25 aprile, 2011

Del Primo Maggio, grappe e Barbera.


Percorrendo la strada che da Neive conduce a Barbaresco e poi ad Alba, verso sera, hai la ferma convinzione che l'abbia fatta Dio dopo una bottiglia di Nebbiolo. Che il Nebbiolo ha in sè la nebbia ed il sole, lui si presta a tutto, di qua delle colline diventa Barbaresco, di là Barolo, come se nel giro di una salita si potesse essere prima Bartali e poi Coppi. Le colline sono rigate poi della meticolosa cura dei filari, che ridisegna le curve e dà loro colore, ora verde cupo ora chiarissimo, di primavera e germogli.

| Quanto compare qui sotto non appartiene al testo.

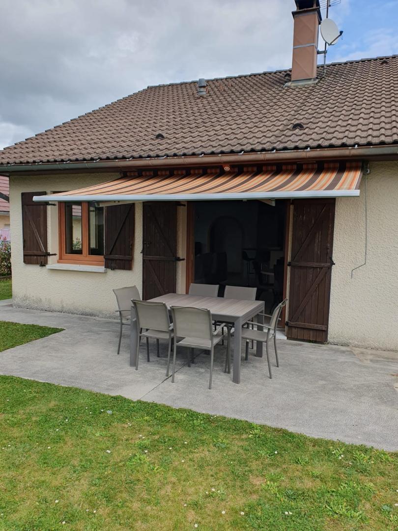 Cette maison indépendante de plain-pied, entièrement rénovée, se trouve dans un endroit calme à quelques minutes du centre-ville où vous trouverez tous les commerces. Elle se compose d'une pièce de vie avec cuisine toute équipée, coin salle à manger et espace salon avec canapé et TV, d'une chambre avec 1 lit double (160*200) et d'une seconde chambre avec 1 lit double (160*200) et de 2 lits simples (90*190), d'une salle d'eau avec douche et baignoire et d'un WC indépendant. Côté extérieur, vous pourrez profitez d'une terrasse avec salon de jardin, store, barbecue et transat. Garage. Idéalement situé pour découvrir les gorges de la Saine, la cascade de la Billaude, le château de Syam, la ville médiévale de Nozeroy, les cascades du Hérisson, le lac de Chalain...
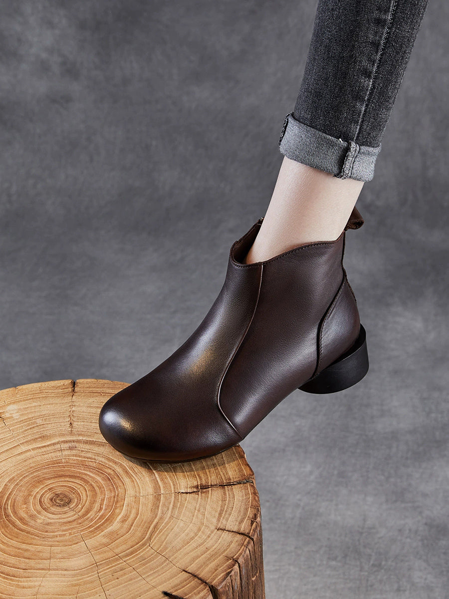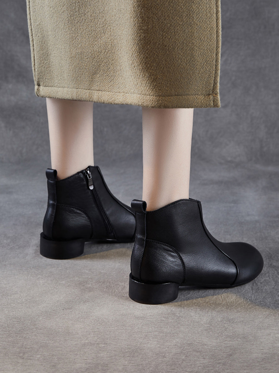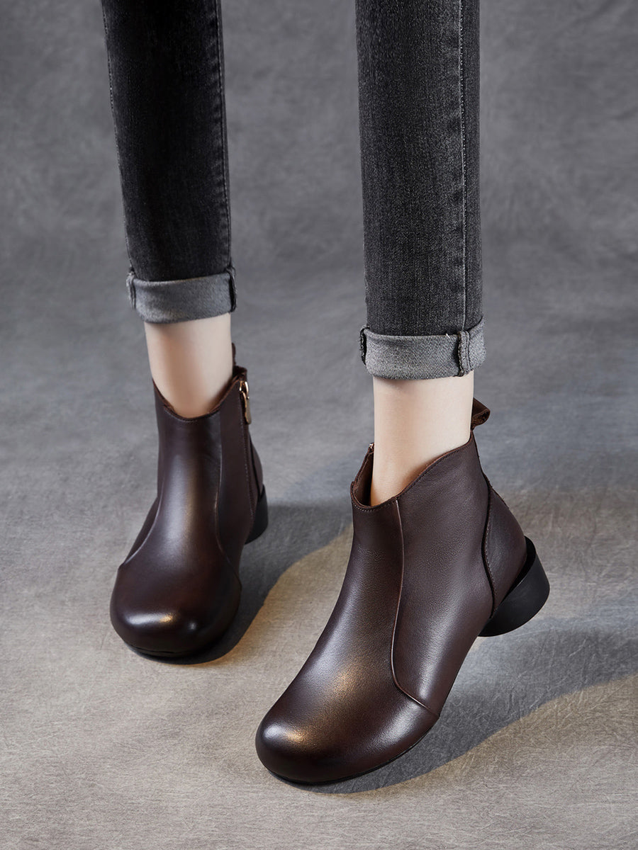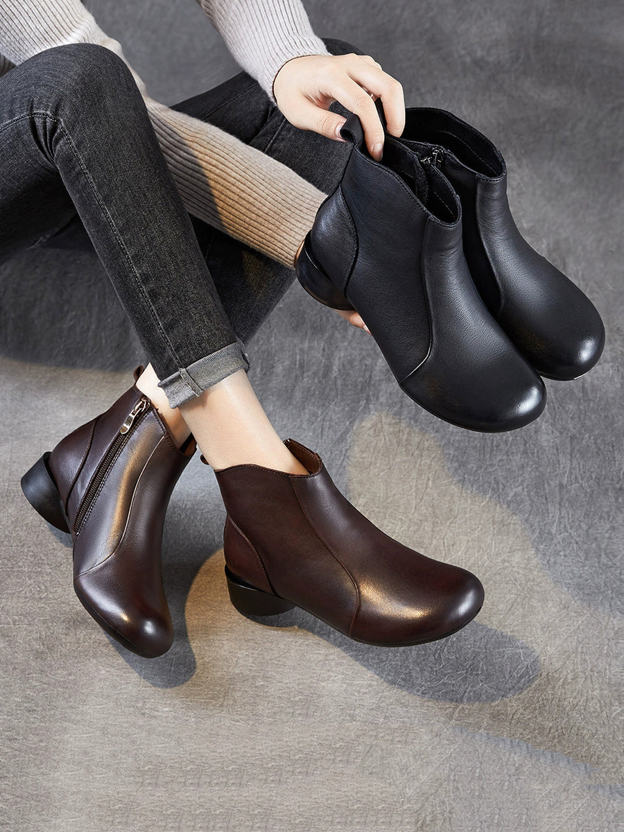 Botines de invierno para mujer, de piel auténtica, con tacón bajo.
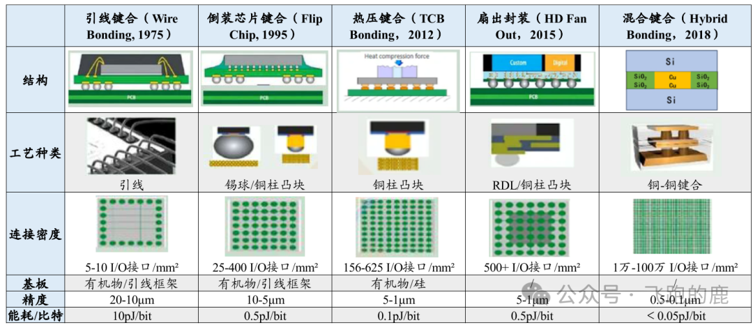 封装形式演变推动键合技术追求更小互联距离与更快传输速度,技术从引线框架发展至倒装(FC)、混合键合等,混合键合精度提升至 10k+/mm²、0.5-0.1um,能量 / Bit 缩至 0.05pJ/Bit。
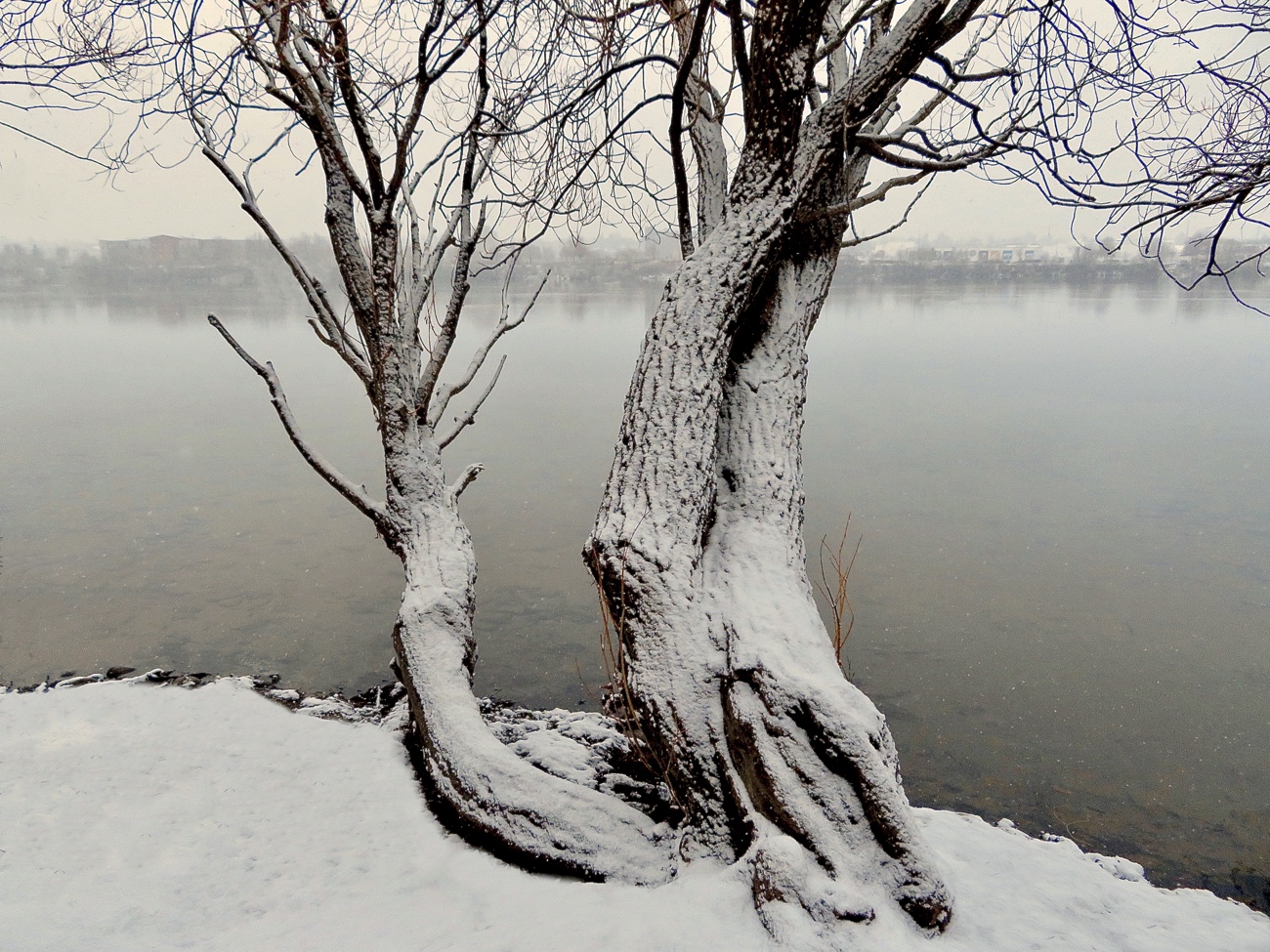 Inclement weather can help us notice what goes mostly unnoticed. A dusting of snow accentuates shapes and textures, like an expert application of facial cosmetics. (Were those lips and eyelashes there all along?) On trees, snow will highlight bark toughened against northern winds, roots thickened in the search for food and trunks curved by their reach for sunlight. If I stand here long enough, what will the gathering snow reveal about me? Definitely eye bags from late-night reading. Hair sprouting where it didn’t before. And maybe my tongue extended to catch some snowflakes, to grab a taste of winter sky.

A Neive, borgo grazioso, la cortesia profonda di un barista ci porta a visitare un micro museo dedicato alla memoria di Romano Levi, figlio di Serafino, di origine alto lombarda a ancora prima quella che il patronimico tradisce ampiamente. Romano era un'istituzione, produceva artigianalmente qualche migliaio di grappe all'anno, poche a dispetto della qualità immensa, tanto che per accaparrarsene qualcuna bisognava, come ci dice l'amico, "insistere più volte...Romano...ti ricordi poi..? E lui...sì sì poi vediamo". Ma la particolarità era anche che le etichette delle sue grappe erano tutte fatte a mano, disegnate da lui. La "donna selvatica" era il tema principale, un archetipo di donna contadina forte - poi la dedica, spesso un "Grazie per esserci incontrati" che fa commuovere. Romano se n'è andato due anni fa, anziano e irreprensibile. Una volta si è accorto che lo copiavano e lui ha fatto causa "ai veneti". Perchè lui imbottigliava a mano e il tappo cosí finisce sempre che si piazza in altezze diverse del collo della bottiglia. Invece quelle duecento bottiglie dei veneti "erano tutte uguali". Persino i fiammiferi per l'alambicco dovevano essere quelli e non altri. L'inividualità, l'unicità erano valori per Romano. E la socialità, "lui le vinacce non buone le comprava lo stesso, perchè il contadino gliele aveva portate...e poi le buttava via". Al Belbo da Bardon, trattoria monferrina, ci accoglie una teca di opere, perchè di questo si tratta, di Romano. In ogni bottiglia la dedica all'oste prediletto. Sono convinto di essere, come dire, nel posto giusto, e ancora piú vedendo arrivare da osti gioviali ed appassionati prima una Barbera che sapeva di cuoio ed inchiostro "di un piccolo produttore qui vicino" (santo produttore) e poi in sequenza pollo marinato al moscato, vitello tonnato, flan di asparagi, poi raviolini del plín senza eguali e tagliolini con asparagi deliziosi, e ancora coniglio grigio al forno che si scioglieva.
Pare che qui sia nata l'Arcigola. Ci credo. In chiusura agli osti racconto di Levi e loro si commuovono. "E' morto due anni fa, il Primo Maggio. È triste, ma per noi di Sinistra è un bel giorno per morire".